Members of Congress, including Republicans such as Arizona Senator John McCain, have also begun pushing back on Trump’s foreign policy, and the president has already lost important test cases on immigration in federal courts. There might even be some silver linings for the Seattle area in the President’s plans. Trump has argued for a new $1 trillion infrastructure program, which might bring new project funding to the region.
“What confuses me is that the Republicans support infrastructure projects, and we rely on them,” says Harrell. “So I’m hopeful that Trump’s policies won’t put those in jeopardy. … We need those funds to support the path that Seattle is poised to go down.”
Trump also proposes adding $54 billion to the Department of Defense to increase military capacity; some of that would likely flow to Boeing’s defense contracting business.
“I think the question is whether those things can be delivered upon,” suggests Daudon. “So far, when you watch the administration — and it’s early days, too early to judge — for something as complicated as an infrastructure bill, it’s unclear whether Congress can get it done. We are big fans of investing in infrastructure, but there are no proposals on the table.”
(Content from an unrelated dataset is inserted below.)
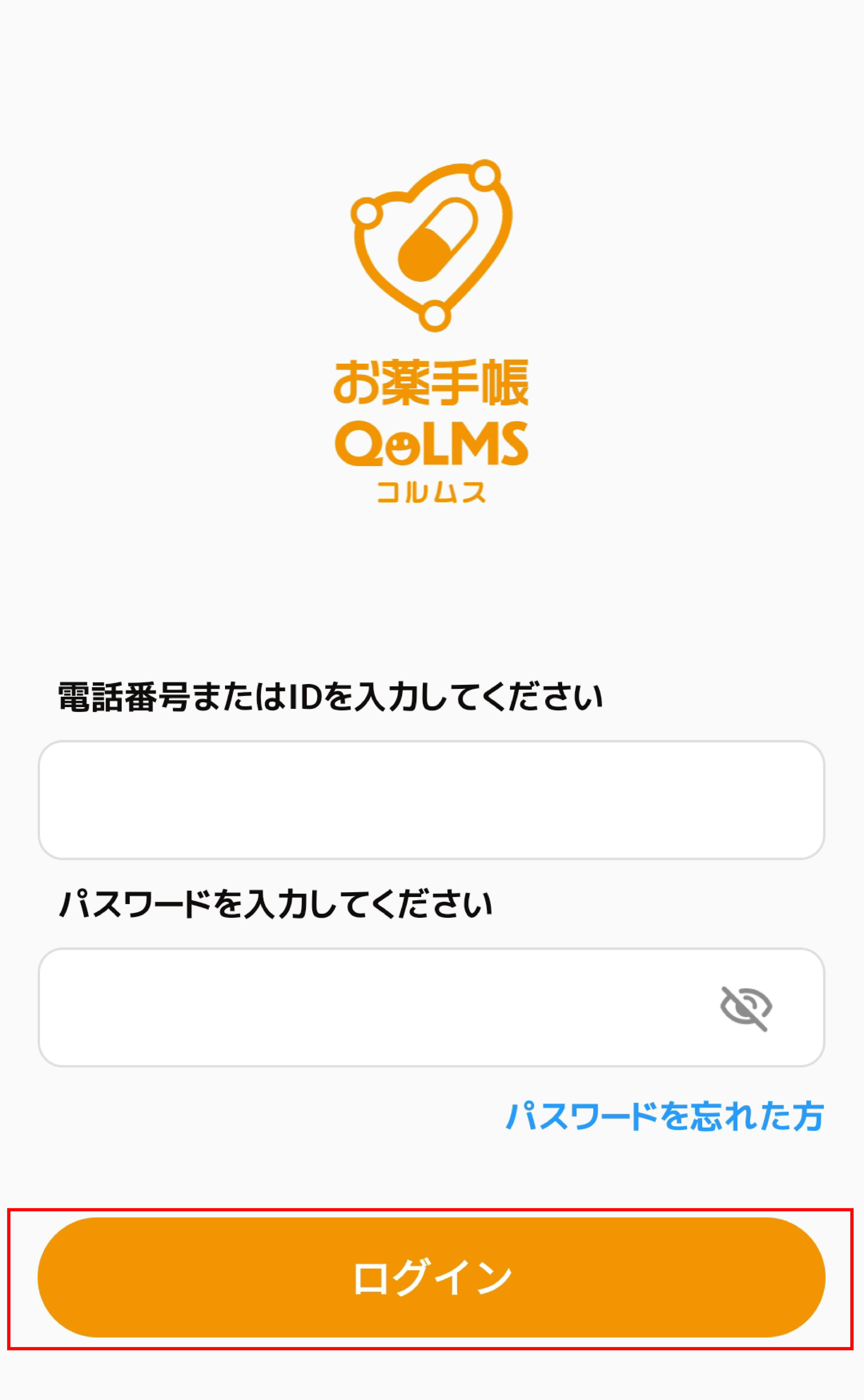 QOLMSやKAGAMINOでご使用されているIDとパスワードにてログインしご利用ください。

Mayor Murray has instructed his budget office and department heads to prepare contingency plans in case the city does, in fact, lose some or all of its federal funding. New property and/or sales tax proposals may follow quickly to restore the most critical budget items. But, for the moment, these are all theoretical exercises until President Trump follows up his words with actions, and we see what the true impacts are on Seattle.
As for the Chamber of Commerce, Daudon says, “We’re encouraging businesses to speak up to Congress on issues that are of direct impact to them, and to speak to us if they feel uncomfortable going out on their own. … Most of our messaging has gone to our congressional delegation. It’s very early in the administration and we’re still trying to find avenues of communication to them. But they’re starting to appear.”